Laboratory experiences play a central role in science education. Calls for reform in science education have re-emphasized the very goals that we strive for when developing laboratory curricula: inquiry-based research experiences that develop students’ science process and communication skills. Despite creating inquiry-based experiences for students in introductory biology laboratories, I was dissatisfied with student outcomes (i.e., lab reports) and their assessment. I was dismayed that some students leaned heavily on their more engaged lab partners during the design and execution of an experiment, used data others had worked hard to generate, and then wrote a decent lab report that nevertheless showed little scientific creativity. Conversely, students who may have fully engaged in the experiment had trouble writing a decent report.
Educators who utilize labs strive to create lab experiences that expose students to the process of science as realistically as possible. We embrace the pedagogy of collaborative learning and stress that science itself is a collaborative endeavor, but then what do we do? After having students design and carry out experiments in a group, and perhaps analyze results in a group, we make them go their separate ways to write a lab report. That’s not how science is done; it’s very hard to find primary articles in the research literature written by one author. We have students collaborate for part of the science process and then send them into solitary confinement to finish the process. They end up spending more time writing in isolation than they did collaborating on data collection. Perhaps this is one reason why students hate lab reports so much, as shown by the popular “I Hate Lab Reports” Facebook page.
Students often do not understand the purpose of the lab report; they see it as a summary of the experiment that reports the “right answer” for a grade. Instead, we need to emphasize science writing as an important part of the collaborative process of science and present lab reports as an authentic learning activity that allows for a deep engagement with the material. Collaborative writing provides opportunities for peer instruction that promote critical thinking, enhance decision-making skills, and deepened understanding of the scientific concepts being studied. However, when students have submitted group lab reports in the past, one person predictably ends up doing the bulk of the work. I could never determine who meaningfully contributed to the finished product. That was a major sticking point – how do I evaluate the contribution and participation of each group member?
This need to assess individual contributions moved me to examine online collaborative writing tools such as GoogleDocs and wikis that store every version of the document. Instructors can compare document versions (using the history log) and therefore identify, verify, and evaluate individual student contributions. Educators have recently started to use wikis to support collaborative learning. Educational use of wikis in the sciences has been relatively rare, and usually involved with class notes, but Elliott and Fraiman report on chemistry classes using web-based collaborative lab reports. 
Since I rely heavily on our institutional learning management system (Moodle) in the laboratory course, I felt it would be better to use a tool within Moodle itself, so I had students in our second-semester introductory biology course use Moodle’s wiki module for collaborative writing of laboratory reports. This introductory class is a large-enrollment team-taught course for beginning science majors. Each semester of this course has 70-90 students, who enroll in one lecture section taught by two faculty, and also one of four laboratory sections (about 18-24 students each) taught by two other faculty.
The wiki platform allows all students in the group (and the instructor) to track every change made to the document, compare different versions side-by-side, and assess individual student contributions to the group report, as shown below.

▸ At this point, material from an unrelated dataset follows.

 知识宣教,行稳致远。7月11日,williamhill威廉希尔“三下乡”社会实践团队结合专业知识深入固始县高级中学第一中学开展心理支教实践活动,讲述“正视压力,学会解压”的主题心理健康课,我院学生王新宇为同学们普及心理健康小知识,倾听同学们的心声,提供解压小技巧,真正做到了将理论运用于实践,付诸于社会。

Wikis were set up so that each group sees and edits only their own lab report, following the typical structure and format, with clearly defined student roles. For each report, students wrote different sections (Intro, Methods, Results, Discussion are all separate wiki “pages”), and then all students contributed peer review comments on all sections. The original author of each section used those comments to write a final version. One student served as “Principal Investigator” (PI) to check style between sections and finalize the report. Roles were rotated for subsequent reports, so each student wrote every section and also served as a PI. See table below.
Students were told that both their writing and their reviews of other students’ writing would be assessed. This forces students to reflect upon the quality of their contribution as they review and comment on their peers’ writing. I graded each section of the report (based upon a rubric shared with students) and evaluated contributions made by each student. Each contribution received a score of 0 (not useful), 1 (somewhat useful), or 2 (good, useful comment). Nancovska Serbec et al. note that the quality of contributions rather than the quantity is important in assessing student wiki work. I had students submit a “Team Member Assessment” after every report so I had peer grades for each student. Students’ grades were determined by a combination of: (1) the grade on the section they wrote, (2) their “contribution factor,” which is their contribution score relative to the group’s average contribution score, (3) their peer review grades assigned by other group members, and (4) the grade on the completed full report.

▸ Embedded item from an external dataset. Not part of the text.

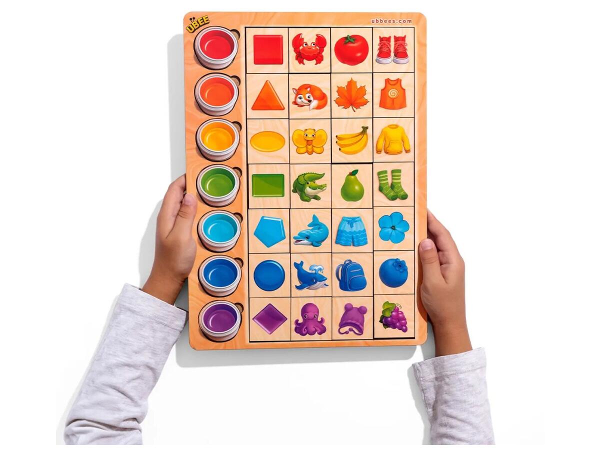 Кроме основной задачи сортировки по цвету, элементы пазла можно использовать для различных игр, таких как "Мемори" или "5-й лишний", что расширяет игровой процесс и стимулирует мышление и память малыша.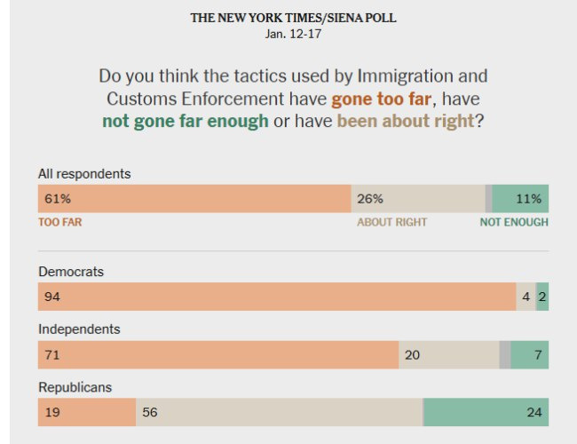 《纽约时报》/锡耶纳大学的民调显示,美国选民对驱逐移民问题意见分歧,但普遍厌恶ICE的执法,对ICE的执法方式压倒性地表示不满,并认为这个机构做得太过分。国际局势海外新鲜事热点现场

|Wiki Section||Draft||Reviews||Final Draft|
|Title||Group effort||Everyone||Group effort|
|Abstract||Group effort||Everyone||Group effort|
|Introduction||Student A||Everyone||Student A|
|Methods||Student B||Everyone||Student B|
|Results||Student B||Everyone||Student B|
|Discussion||Student C||Everyone||Student C|
|Literature Cited||Group effort||Everyone||Group effort|
|Overall (PI)||Student A|
One of the typical benefits of collaborative work using wikis was the peer-to-peer learning in the comments. More experienced and confident students would guide less experienced students in their writing and understanding of concepts, often pointing out requirements from the rubric or from the writing guidelines that were missed. In some cases, less experienced students would see the working habits and thought processes of the successful students resulting in a helpful lesson that lasted much longer than the writing assignment. Successful students benefited by practicing and teaching skills needed to critically evaluate writing. Lundstrom and Baker report that peer reviewers receive a benefit towards their own writing by evaluating others’ writing at the level of content and organization. This multi-level feedback was common, as reviewers helped with underlying science concepts and the organizational rules for scientific papers.
Assessment and Discussion
To assess the impact of collaborative writing with wikis, I compared the two years of the course with group wiki writing to the two years prior without group writing. Though quality of lab reports (grade on completed reports) improved, student performance in lab (final lab grades) was not affected by collaborative writing with wikis. Before using wikis, lab grades generally reflected grades on individual reports. With collaborative wiki reports, lab grades now reflected students’ writing plus their contributions to the group’s final product.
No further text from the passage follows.